The lemma delivers an exact integration-by-parts identity converting the radial skew operator integral of A into explicit boundary terms at 1 and R plus the positive quadratic integral of (A')² x². Analysts deriving energy estimates for the Navier-Stokes equations in spherical coordinates would cite it to absorb the skew term without remainder. The proof applies Mathlib's interval integration-by-parts lemma after constructing the required HasDerivAt facts for -A and x² A' via the sibling hasDerivAt_rsq_mul.

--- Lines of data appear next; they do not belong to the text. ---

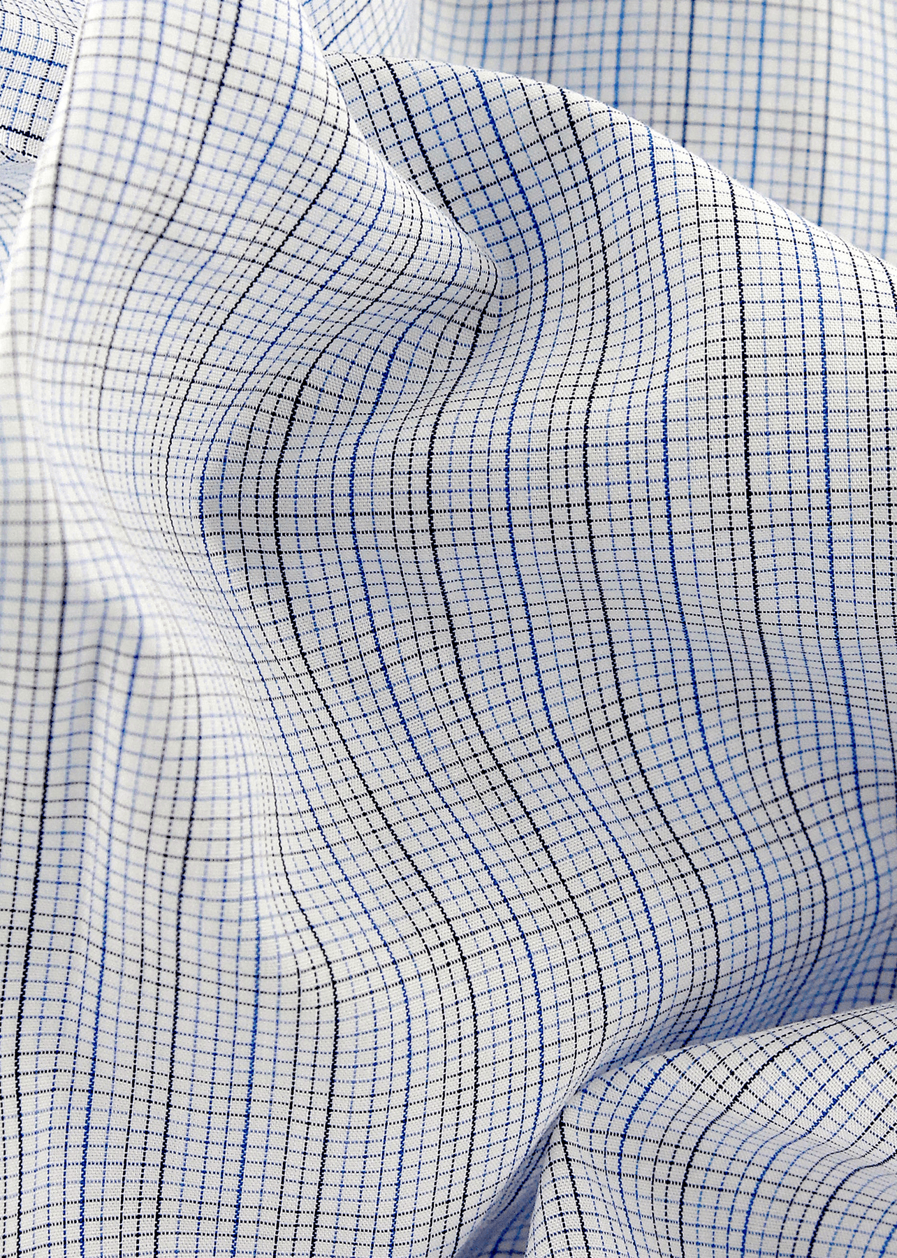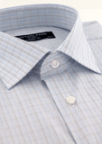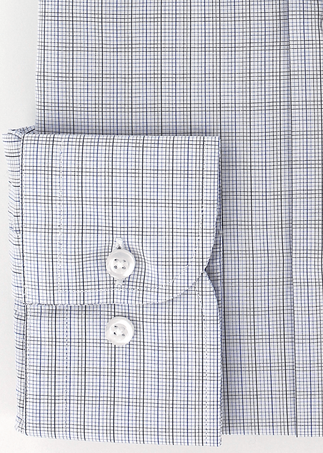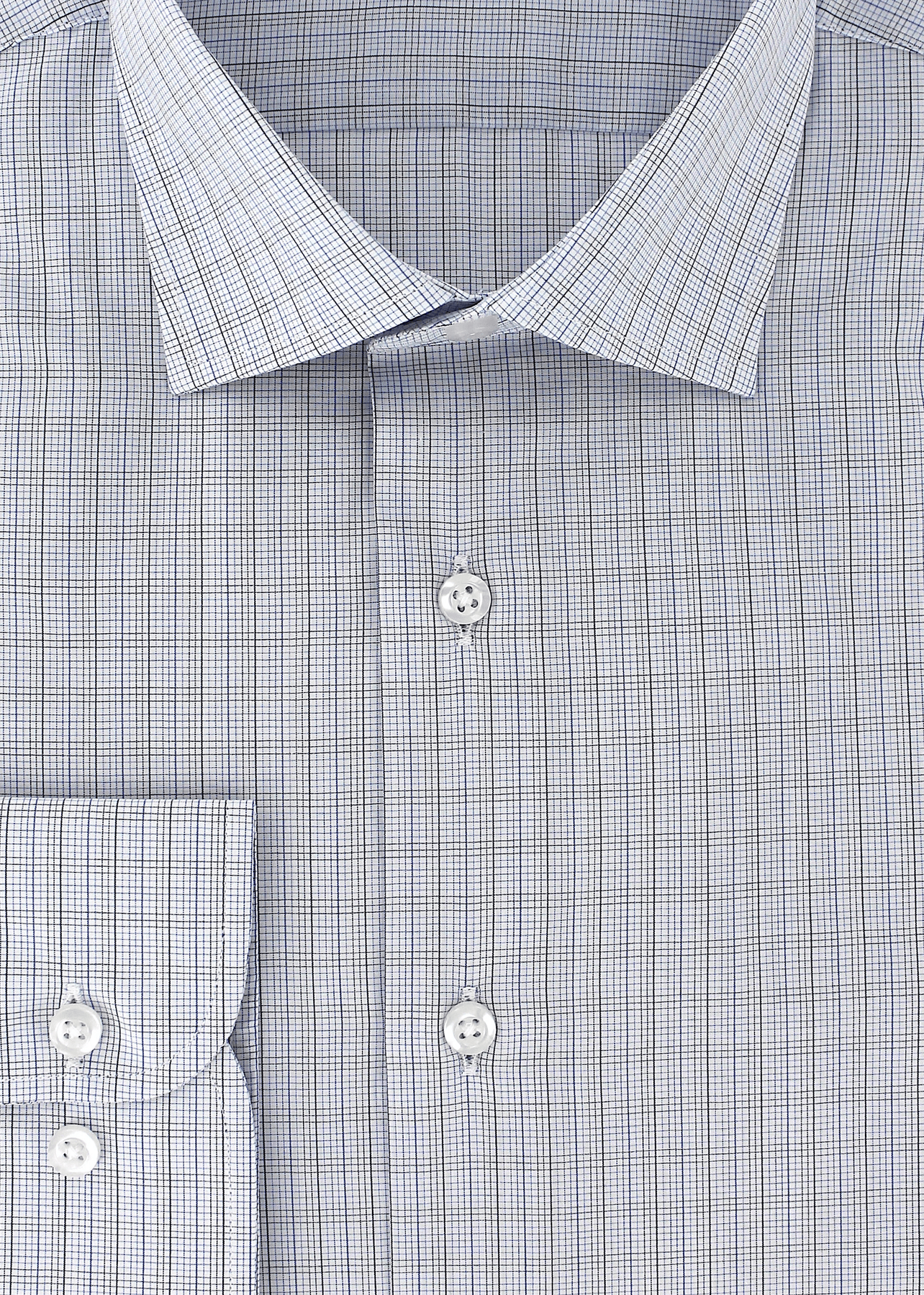 Chemise coupe droite pour homme en 100% coton à carreaux bleus. Cette chemise manches longues est doté d'un petit col italien et peut se porter avec ou sans cravate selon le style désiré.
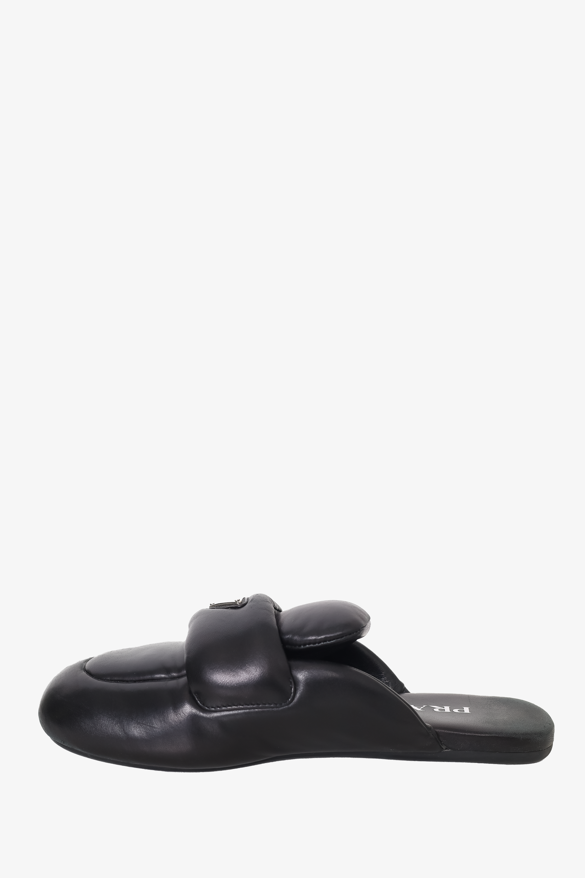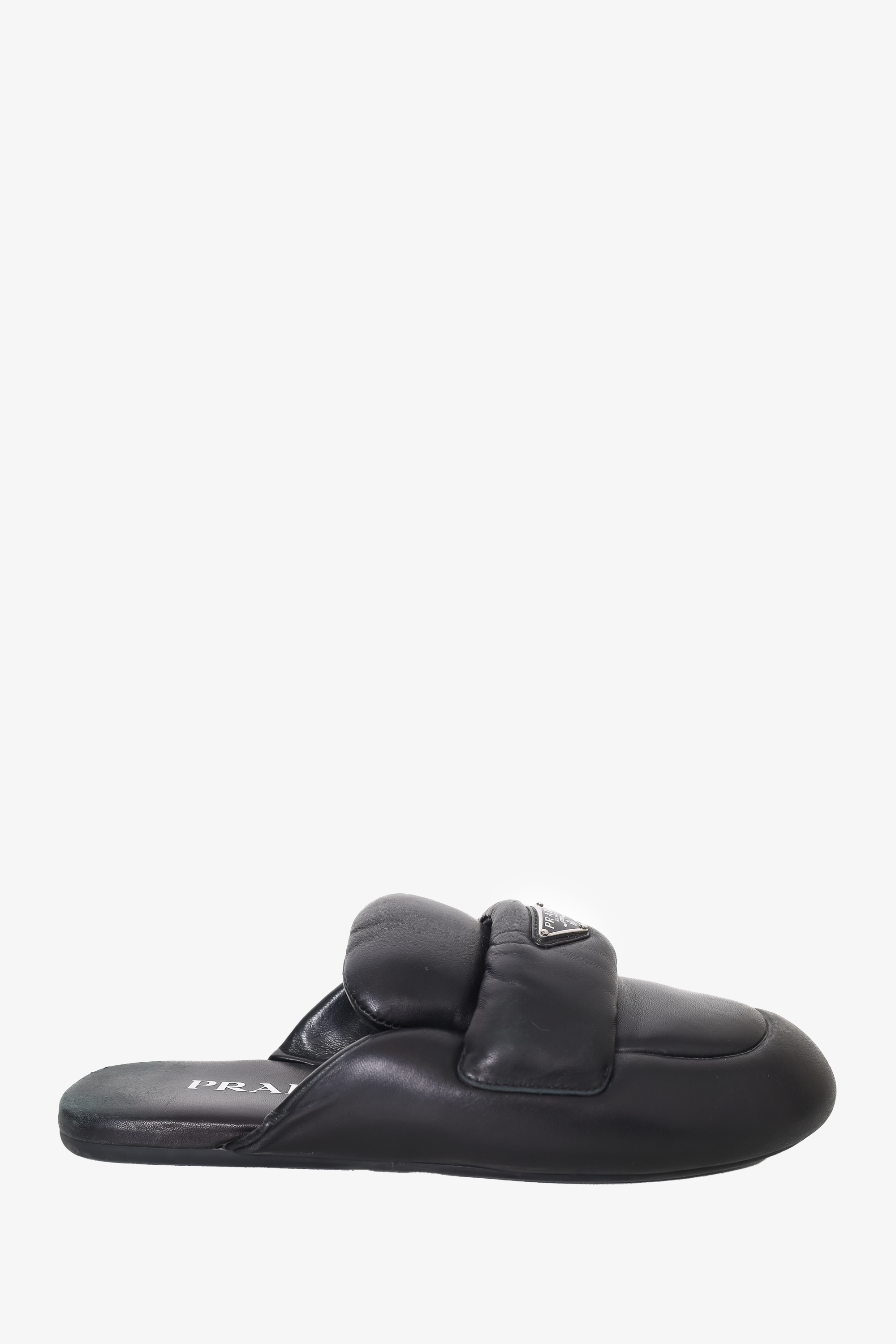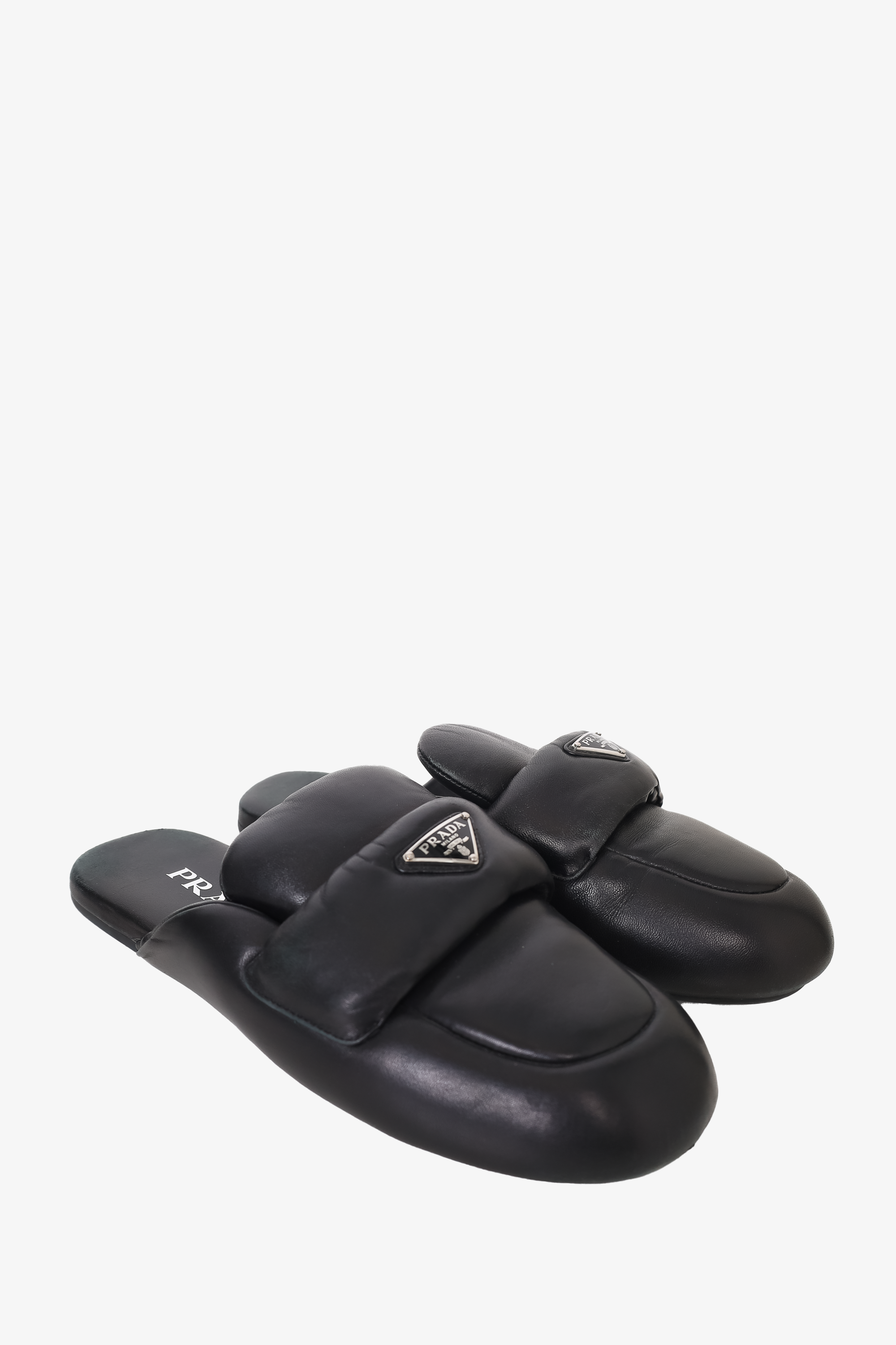 Refresh availabilityPrada Black Napa Leather Padded Sabots Mules. Round toe. Prada metal triangle logo on top.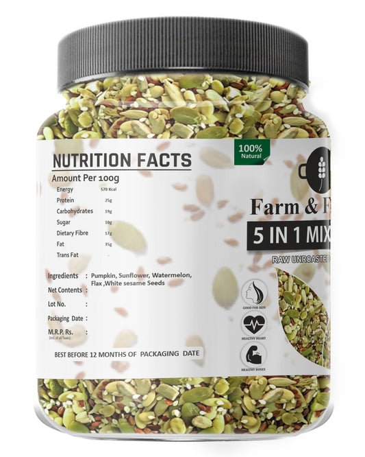 Farm & Farmers Healthy Combo of Organic Flax, Chia, Pumpkin, Watermelon, Sunflower Seeds Mix Superfoods for Eating Rich in Antioxidants Vitamins & Minerals (5 Pack Seeds Mix - 250 Grams Each)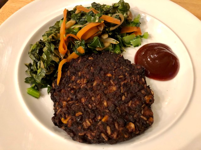I cannot take any credit for the chipotle bean burgers since they are made by Morningstar and cooking them is just one minute on each side on high in the microwave. I served mine with a little barbecue sauce and John had his on a hamburger bun. The vegetable is a different story, though. Usually I make collard greens by toasting some garlic in a little oil and then sautéing the ribbons of collards with some corn. I often add a little sugar if they are particular bitter and a little vinegar for some acid. Last night I cut strings of onions, sliced the garlic, and added carrot peelings to the mix. John also asked me to dice up the stems so I had to boil them in a little water first so they wouldn’t be hard. I added the little bit of sugar and vinegar and completely forgot the corn. The collards were really good and were the star of the plate.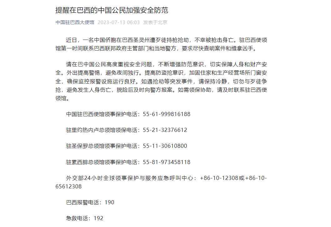 一中國僑胞在巴西遭搶劫槍殺,中使館發安全提醒分享到: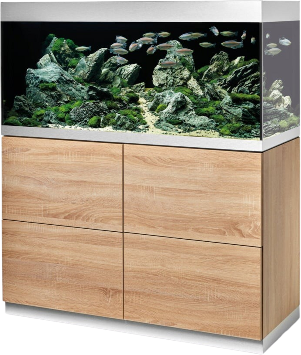 La combinación de acuario Highline optiwhite 300 roble de Oase destaca por su nuevo diseño e individualidad. Los acuarios y armarios inferiores de OASE HighLine están perfectamente coordinados entre sí y convencen por sus materiales de alta calidad. Con una superficie de 115 x 50 cm y un diseño rectangular, se adapta de forma óptima a cualquier ambiente; además, el diseño es muy práctico: incluye un compartimento seco para un guiado ordenado de cables y mangueras, y un orificio específico en la base con una sencilla opción de conexión para el filtro. El compartimento seco ofrece posibilidades adicionales para ocultar elementos y la tecnología desaparece por completo. El armario inferior está equipado con pies ajustables para garantizar una base segura y sin tambaleos.

Claim. Let $A : [1,R] → ℝ$ with $R ≥ 1$ be twice differentiable, with $A'$ and $A''$ its first and second derivatives. Assume the relevant first-derivative and weighted-second-derivative combinations are interval-integrable on $[1,R]$. Then

background

The SkewHarmGate module supplies integration-by-parts identities that realize skew/self-adjoint cancellations for radial profiles, as needed for the analytic steps in navier-dec-12-rewrite.tex. Here A is a radial function, A' its derivative, and the operator -(A'' + (2/x)A') is the radial part of the skew form. The hypotheses guarantee differentiability on the compact interval uIcc 1 R together with integrability of A' and of the combination (2x A' + x² A'').

proof idea

The proof first builds HasDerivAt facts hu for -A and hv for x² A' (the latter via the sibling hasDerivAt_rsq_mul). It invokes intervalIntegral.integral_mul_deriv_eq_deriv_mul to obtain the parts formula. A congruence step rewrites the integrand to the target skew form, after which a calc block adjusts signs on the boundary terms and converts the remaining integral of (-A') (x² A') into the positive ∫ (A')² x² term.

why it matters

This identity is the direct algebraic engine for the generalized lemma integral_radial_skew_identity_from that relaxes the lower limit. It supplies the finite-radius skew cancellation step required by the module's stated purpose: 'support the two analytic steps that show up repeatedly in navier-dec-12-rewrite.tex' for skew/self-adjoint cancellations. In the Recognition framework it furnishes the exact radial identity before any tail-decay argument at infinity is imposed.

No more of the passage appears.